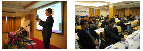 會上,來自Vacon芬蘭總公司的產品經理Antti Vuola先生對Vacon 10新產品作了精彩的介紹。從微型產品的市場占有率談起,這充分體現出Vacon 10的推出是適應變頻器發展的趨勢以及滿足市場的需求。隨後結合Vacon 10樣機對產品的技術數據,產品構造,功能特性,典型應用作了生動的介紹,特別是對可為OEM用戶提供量身定製的產品作了詳細說明。
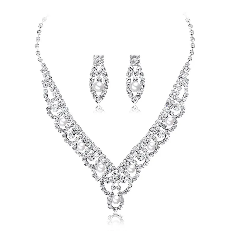 New Crystal Bridal Wedding Necklace Earring Jewelry Sets Silver Color Rhinestone Necklaces With Pearl For Women Jewellery Jewelry Sets Aliexpress
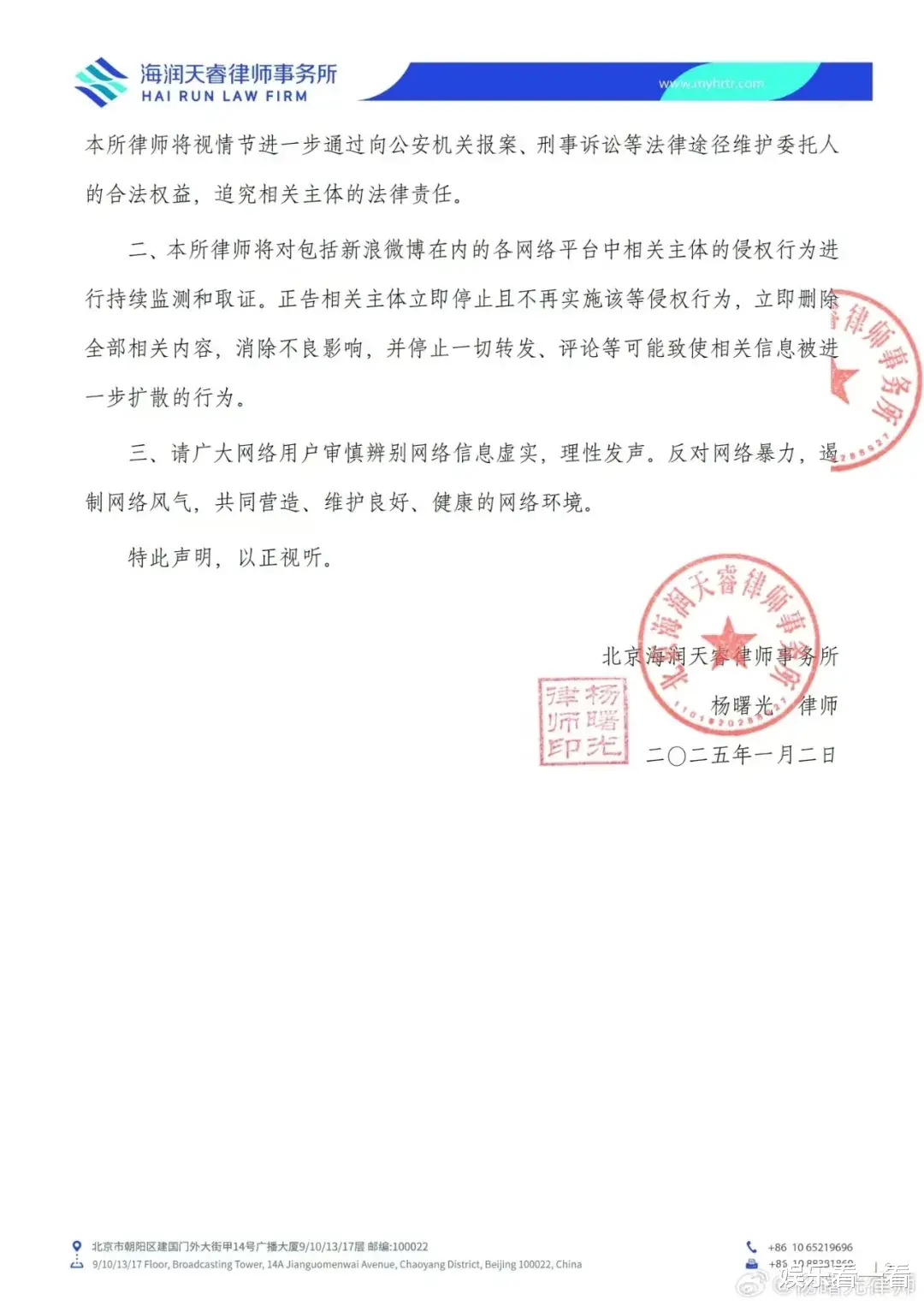 律师声明称,“徐军燕(艺名:徐以若)女士‘殴打’赵露思女士、索要‘天价解约金’为不实信息。”
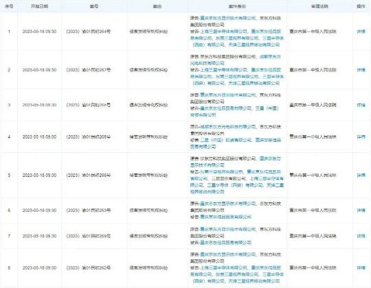 近日,天眼查網(wǎng)站顯示,京東方科技集團股份有限公司新增多則開庭公告。原告還包括重慶京東方顯示技術(shù)有限公司、成都京東方光電科技有限公司,被告則包括上海三星半導(dǎo)體有限公司、三星(中國)投資有限公司、東莞三星視界有限公司、三星半導(dǎo)體(西安)有限公司、天津三星視界移動有限公司等多家三星相關(guān)公司,以及重慶京東佳品貿(mào)易有限公司。

**WORK TASK**
Starting with the line that holds "New Crystal Bridal", copy every line exactly through the final line of the material, but skip the pictures.

**FINISHED EXERCISE**
 New Crystal Bridal Wedding Necklace Earring Jewelry Sets Silver Color Rhinestone Necklaces With Pearl For Women Jewellery Jewelry Sets Aliexpress
 律师声明称,“徐军燕(艺名:徐以若)女士‘殴打’赵露思女士、索要‘天价解约金’为不实信息。”
 近日,天眼查網(wǎng)站顯示,京東方科技集團股份有限公司新增多則開庭公告。原告還包括重慶京東方顯示技術(shù)有限公司、成都京東方光電科技有限公司,被告則包括上海三星半導(dǎo)體有限公司、三星(中國)投資有限公司、東莞三星視界有限公司、三星半導(dǎo)體(西安)有限公司、天津三星視界移動有限公司等多家三星相關(guān)公司,以及重慶京東佳品貿(mào)易有限公司。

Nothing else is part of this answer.